空き巣に荒らされた部屋をそのまま放置して生活する人はいませんよね? サイトも同じです。このままでは迷惑メールの発射台にされたり、このサイトを訪れた人の端末を好きに操れるソースコードを埋め込んでしまうリスクがあるのです。このWebサイトの管理者はサイトを攻撃された被害者でありながら、サイトを訪問してくださった人にとっての加害者になる可能性があったのです。

対策1:パスワードを変更

wordpress管理画面、FTP、データベース、レンタルサーバーなどあらゆる場所のID・パスワードが盗まれた可能性が非常に高いです。 二度と侵入されないようにパスワードの変更するよう伝えました。 またwordpress管理画面のIDにadminを使っている場合もリスク高です。当ブログは急いで変更しました。 (2019/4/13 追記:wordpressを卒業しSPA製ブログへ切り替えたため、当ブログはデータベースの脆弱性を突かれる心配がなくなりました。wordpressの管理画面もなくなっているので管理人は安心です。)

対策2:端末のセキュリティは万全に

端末が最初からウイルスに感染しておりその端末で管理画面に出入りしていると攻撃対象になる可能性があります。 ウイルス対策ソフトを入れて常に安全な状態を保ちましょう。

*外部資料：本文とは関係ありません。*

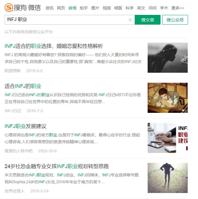 3、微信搜狗:你的人格类型 职业,查看相关文章。比如搜索:INFJ 职业
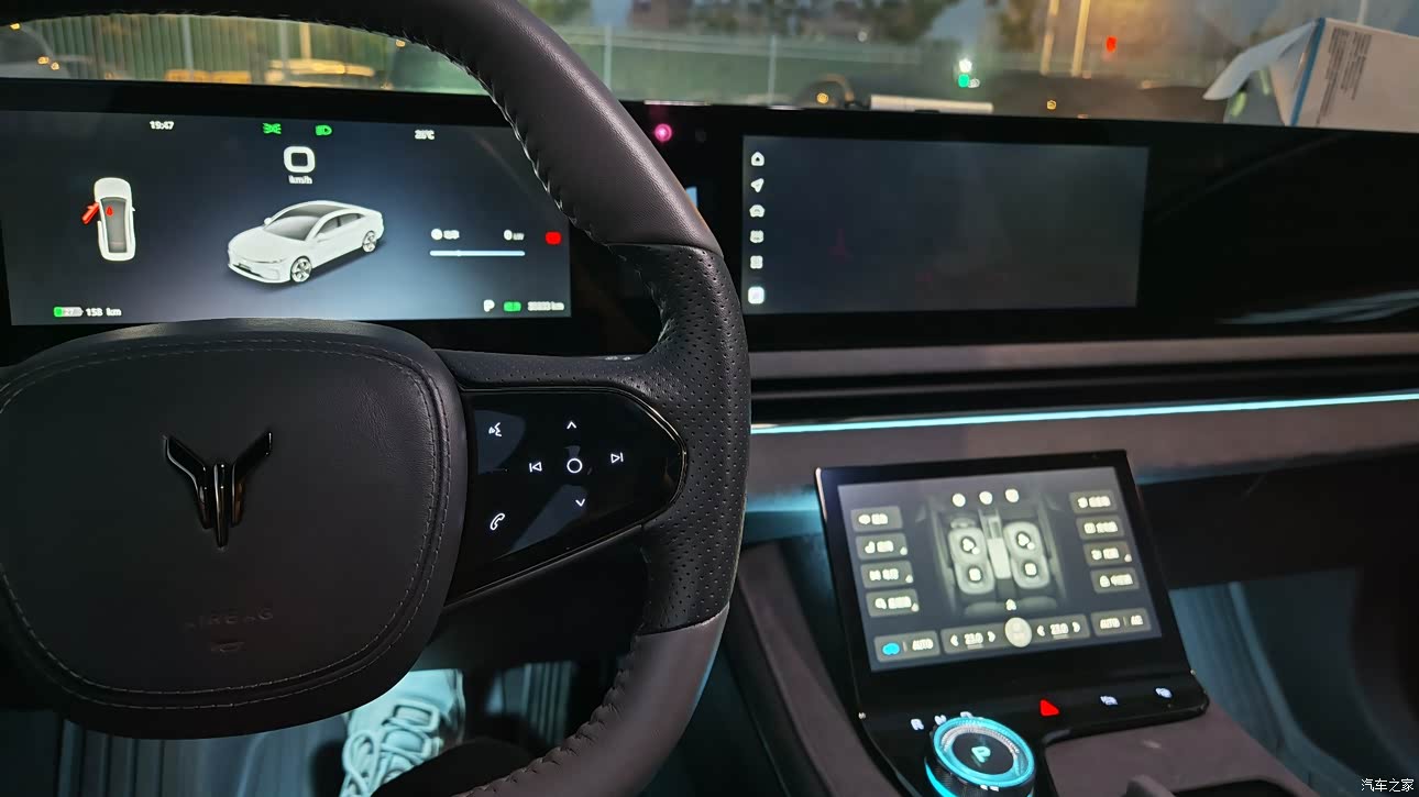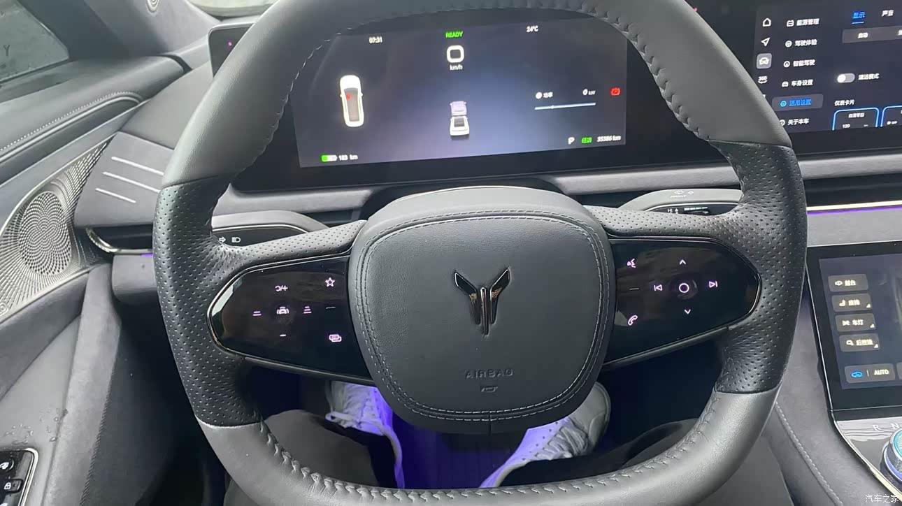 坐进车里,第一感觉就是“壕”!三块大连屏直接怼脸,水晶档把漂亮的很,座椅还是摸起来软乎乎的,打孔设计透气性也不错。车内到处都是翻毛皮和木纹装饰,连车顶都是麂皮材质,关上车门,豪华感直接拉满。 但这内饰也有致命伤,中控屏和车门上的钢琴烤漆面板简直是指纹收集器,用手摸两下就全是指纹和油渍,逼死强迫症。我现在车里常年备着湿巾,隔三岔五就得擦一擦。还有,车内氛围灯虽然能调64种颜色,但晚上开车的时候,要是调成比较亮的颜色,会有点刺眼,影响驾驶视线,所以我一般都调成比较暗的色调。

複数人で管理しているサイトはリスクが高まります。

対策3:wordpress/テーマ/プラグインは常に最新にしておく

脆弱性を残したまま放置しているとその隙をついて攻撃されるかもしれません。 テーマ/プラグインの開発者さんがアップデートしてくださることで脆弱性が排除されます。 wordpressから飛んでくる更新通知メールに気を配って、こまめに更新しておきましょう。

対策4:ファイルのパーミッション(アクセス権限)を見直す

FTPのお話です。.htaccessファイルを第三者に対して書き込み/実行権限を与えたままにしておくと、サイトを訪れたユーザーを他のサイトに転送する設定に書き換えられてしまう危険性などがあります。 詳細はパーミッションについて / ファイル管理 / マニュアル - レンタルサーバーならロリポップ!を参照して下さい。

まとめ


長文にも関わらずお読みいただきありがとうございました。 なにより私自身がセキュリティに対する認識を見直すきっかけになりました。 今後多くの人の役に立つのなら、と快く記事化を承諾してくれた知り合いに感謝です。 そして良い子は他人のサイトを壊さないように。

※ポンコツ具合は認めますので、今回の対応に関する批判・中傷はご遠慮ください。